Computers process information stored in an array of 0s and 1s. In classical computers, some physical system with two possible states is used to represent these 0s and 1s. These physical systems are called bits. A common example is an electric circuit that allows two levels of voltage, one called 0 and the other called 1. A classical computer is a collection of bits together, and the information flowing in and out of bits is controlled and manipulated by physical operations called gate operations. For example, an AND gate accepts two inputs, each either 0 or 1, and outputs 1 if both inputs are 1 and 0 for any other combination of inputs.

A quantum bit, or qubit, has two distinct states representing 0 and 1. More importantly, a qubit can be in states that are also combinations of 0 and 1. This feature is called quantum superposition. Classical bits can’t do this. Because of this ability, each qubit needs two distinct numbers to represent the contributions of 0 and 1 respectively in the qubit’s state. If we have two bits, we need two numbers, one for each bit, to represent the state of the collection. With two quantum bits, we need four numbers to represent the state.
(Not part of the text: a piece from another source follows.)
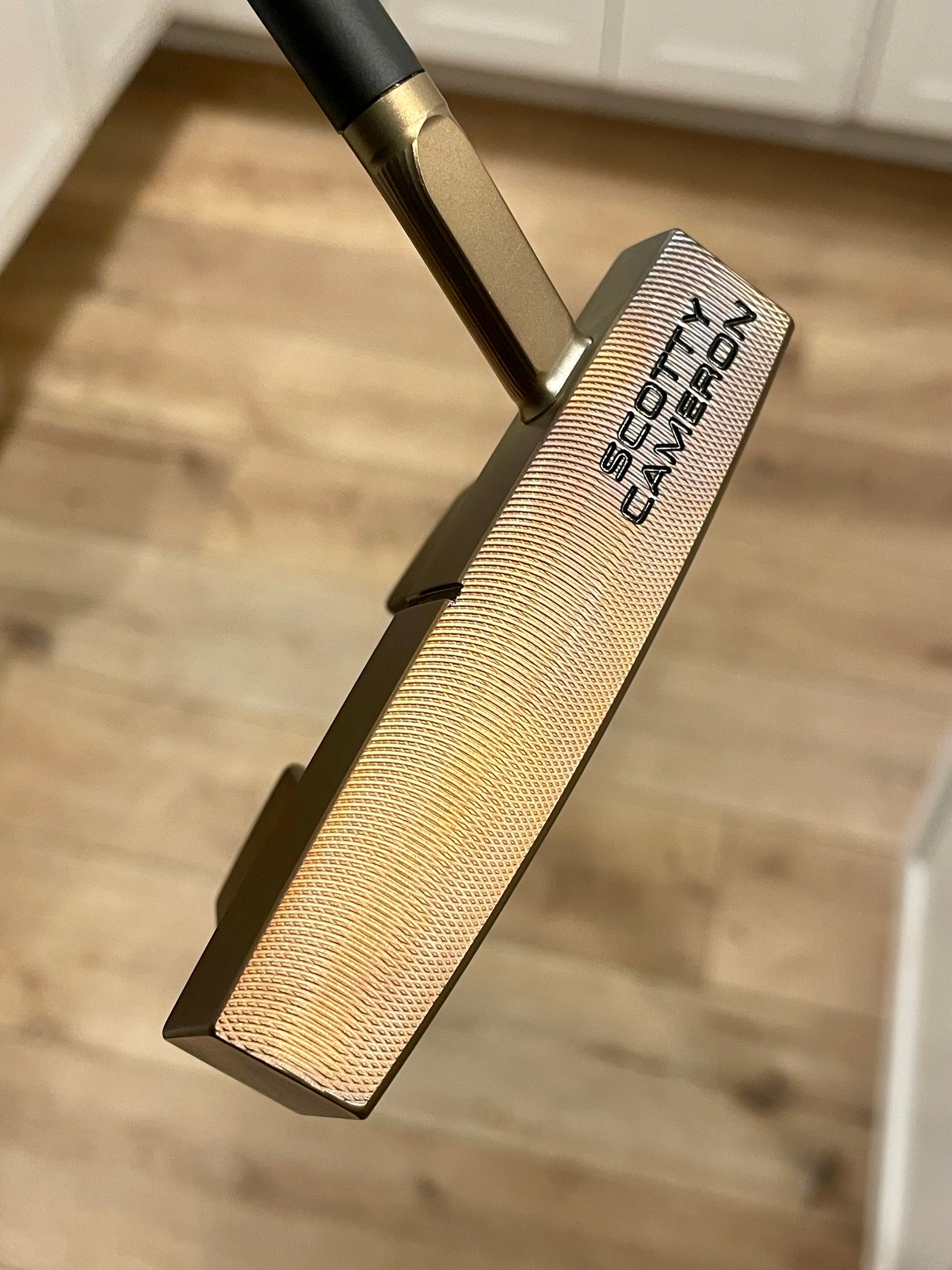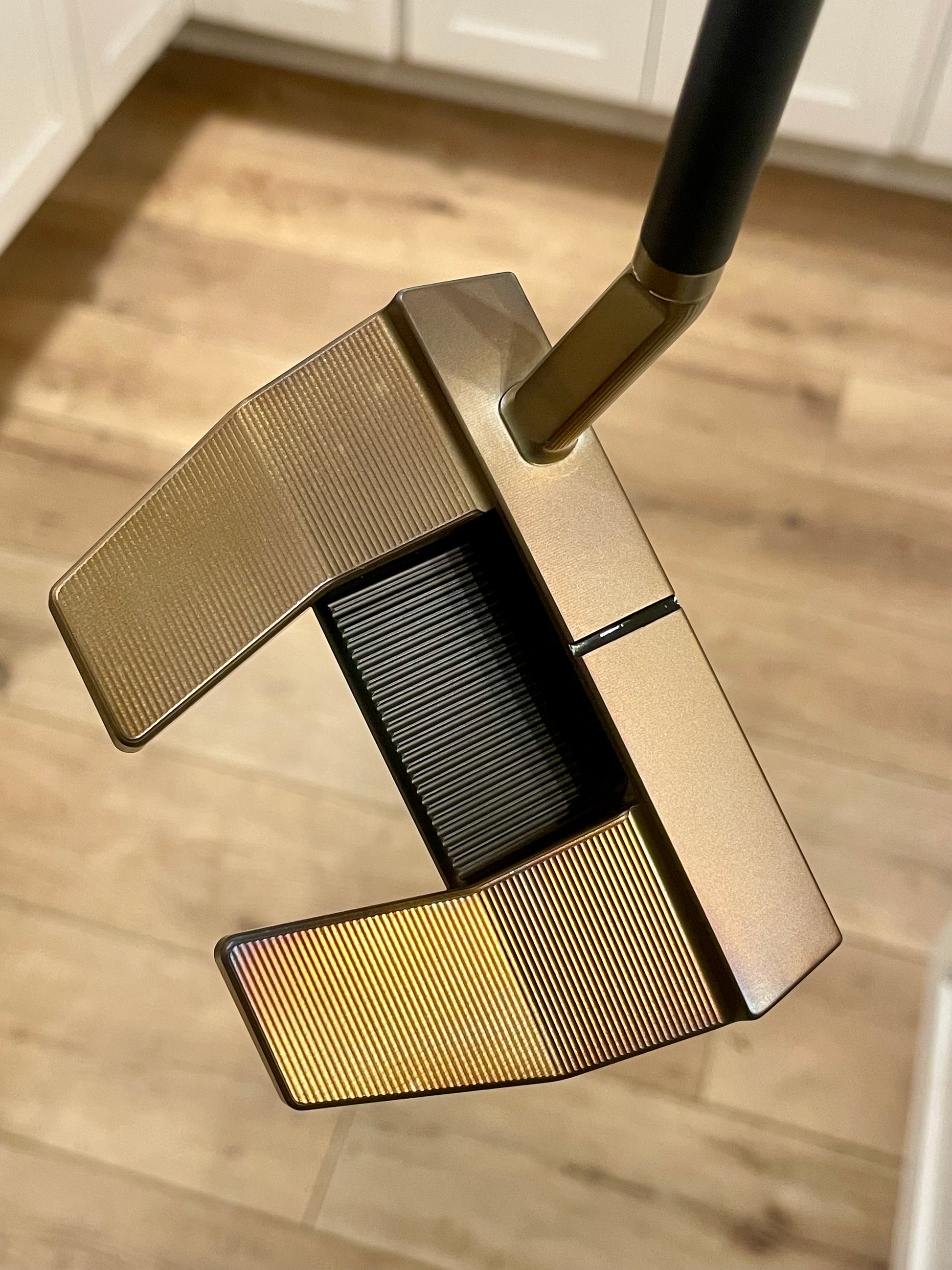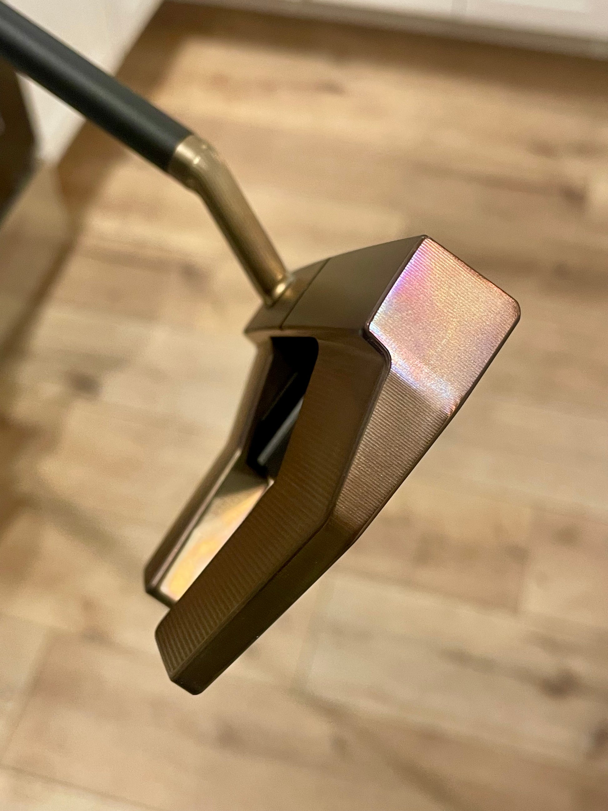 Torched weights match the body. New/stock baseplate. So you can enjoy the durability of Scotty's black PVD, and my art at once. These things are absolutely stunning. Nobody takes the time to torch putters like this, that I have seen. It's a lot of work. Black baseplate screws tie it all together- there is NO chrome on this putter. Zero.

For 10 bits, we need 10 numbers to represent the state of the collection. For ten qubits, we need 210 (1,024) numbers.

This exponential growth in the information required to represent qubits’ states and the superposition of states are the major reasons why quantum computers could be more efficient and powerful than classical computers. Like a classical computer, a quantum computer is also a collection of qubits and a host of physical operations called quantum gates that change the states of qubits to perform calculations.

Some of the major impediments to realising quantum computers are the fragile nature of quantum states. Specifically, while classical bits are robust and long-lasting, qubits are fragile and collapse quickly at the slightest disturbance. This in turn limits the amount of time for which qubits can hold information, how errors-free the quantum computer can keep its calculations, and how well a quantum computer can be scaled.